LLMs have evolved to handle a large number of tasks thanks to their ability to follow instructions, reason, and generate consistent responses. To achieve this, the transformer architecture model uses a variety of prompting techniques inspired by cognitive theories about how humans reason and solve problems. This includes few-shot and zero-shot, inspired by how to solve a problem step-by-step, decomposition prompts on how to break a problem into multiple sub-problems, and step-back prompts on how to look back on a problem. It includes a chain of thought. The nature of the task of establishing general principles.

All of these methods work, especially thought chains, but they all work by making implicit, prior assumptions about how to approach a particular task. The researchers argue that this approach may not be the best, as each task has its own unique structure, and one particular technique may be better at solving it than another. I am.

In their latest study, Deepmind and USC researchers have self-discovered this unique underlying structure and proposed a general prompting framework that is efficient while choosing the right reasoning technique for the task.

Self-discovery is inspired by the way humans internally devise reasoning programs to solve problems. From a set of atomic reasoning modules written in natural language, such as decomposition into subtasks, critical thinking, LLM, and unlabeled task examples, construct a consistent task-specific reasoning structure (Stage 1), and then construct the next instance solve. Task using the discovered structure (Stage2). Stage 1 operates at the task level and uses three actions to guide the LLM to generate the inference structure for the task. During stage 2, during final decoding, the LLM simply follows the self-discovered structure to arrive at the final answer, the researchers explained.

Notable performance improvements for known LLMs

To see how the new approach works, the researchers used multiple models including GPT-4 and PaLM 2-L, including Big Bench Hard, Think to Do, and Mathematics. We tested it on 25 reasoning tasks. We found that self-discovery outperformed thought chain reasoning and other techniques in 21 out of 25 tasks, increasing performance by up to 32%. The researchers also found that it is more efficient, as it requires 10 to 40 times less inference computation.

According to the data shared in the paper, when using GPT-4, the self-discovery approach achieved accuracy results of 81%, 85%, and 73% on the Big-Bench Hard, Thinking for Doing, and Math tasks, respectively. did. However, when using chain of thought, the results dropped to 75%, 52%, and 71%, respectively. Similar gaps were observed when compared to the plan-and-solve approach.

On the other hand, PaLM 2-L achieved results with accuracy of 67%, 69%, and 50.5% across the three tasks. This is lower than GPT-4, but still much better than what was achieved with thought chain (60%, 40%, 42%) and plan-solution approaches (61%, 42%, 49%) . .

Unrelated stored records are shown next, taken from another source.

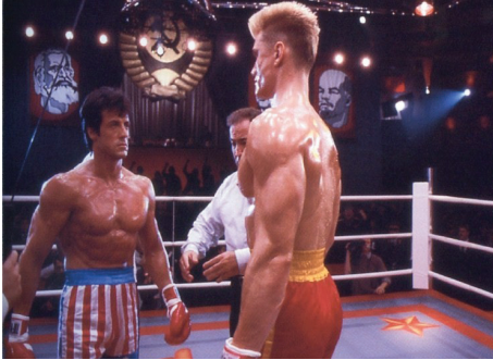
Resim 3: Dünya Sinemasında Toplumsal Gerçekçilik ve 'Soğuk Savaş'

hamisi konumundaki Amerika ideolojik olarak kapitalizmi ve hür teşebbüsü savunan bir politika izlerken ve dünyanın da kurtuluşunun bu anlayıştan geçtiğini ifade ederken, Doğu'nun yegâne temsilcisi Rusya ise tek çıkar yolun sosyalizm olduğunu iddia etmektedir. Her iki blok da ideolojik görüşlerini sadece kendisi kabul etmemekte aynı zamanda diğer ülkelere de dayatmak ya da ihraç etmek suretiyle onları bir seçim yapmaya zorlamaktadır. İşte tam da bu dönemde politik ve ideolojik anlayışla kendisini daha da tahkim eden toplumsal gerçekçi sinema, savunduğu ideolojik değerlerin propaganda aygıtına dönüşmüştür. Nitekim böylesi bir manzara, Del Sarto (2005) tarafından savunulan politik sinemanın temelinde popülizmin, milliyetçiliğin ve ideolojinin var olduğu şeklindeki savı doğrulamaktadır (Del Sarto, 2005: 80). Ayrıca Harris'in (2015) sinemanın propaganda makinesi olduğu şeklindeki iddiaları da ete kemiğe bürünmektedir (Harris, 2015: 221). Dolayısıyla, sinemadaki toplumsal gerçekçilik anlayışını politik sinema düşüncesinden soyutlamak olası değildir, çünkü toplumsal gerçekçiliğin özünde ideoloji ve rejim propagandası vardır. Sinema da diğer sanat türlerinde olduğu gibi, bu amaca hizmet etmektedir.
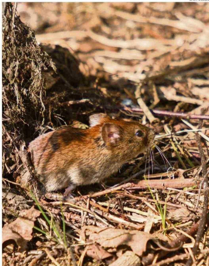
EL OLIGORYZOMYS LONGICAUDATUS ES EL ROEDOR PORTADOR DEL VIRUS ANDES.

Los nanoanticuerpos se consideran una versión simplificada de los anticuerpos convencionales y tienen la capacidad de neutralizar un
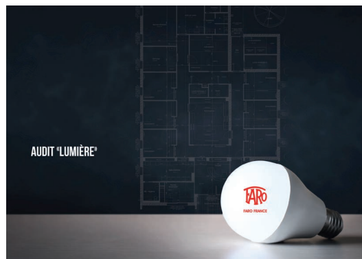
Audit Lumière projet global EXTRAIT CABINET COMPLET

Improved inference is the key to AI success

Although the idea of ​​a framework to encourage self-discovery has only just been proposed, it has the potential to push the boundaries of problem solving, give LLMs the ability to tackle difficult problems with ease, and ultimately bring them closer to the goal of general intelligence. there is. Remarkably, transferability studies conducted by researchers show that the constructed inference structure is universally applicable across model families and shares commonalities with human inference patterns. It shows that.

Looking to the future, the team added that they are excited to further explore LLM structured reasoning to push the boundaries of problem-solving and discover the potential of human-AI collaboration.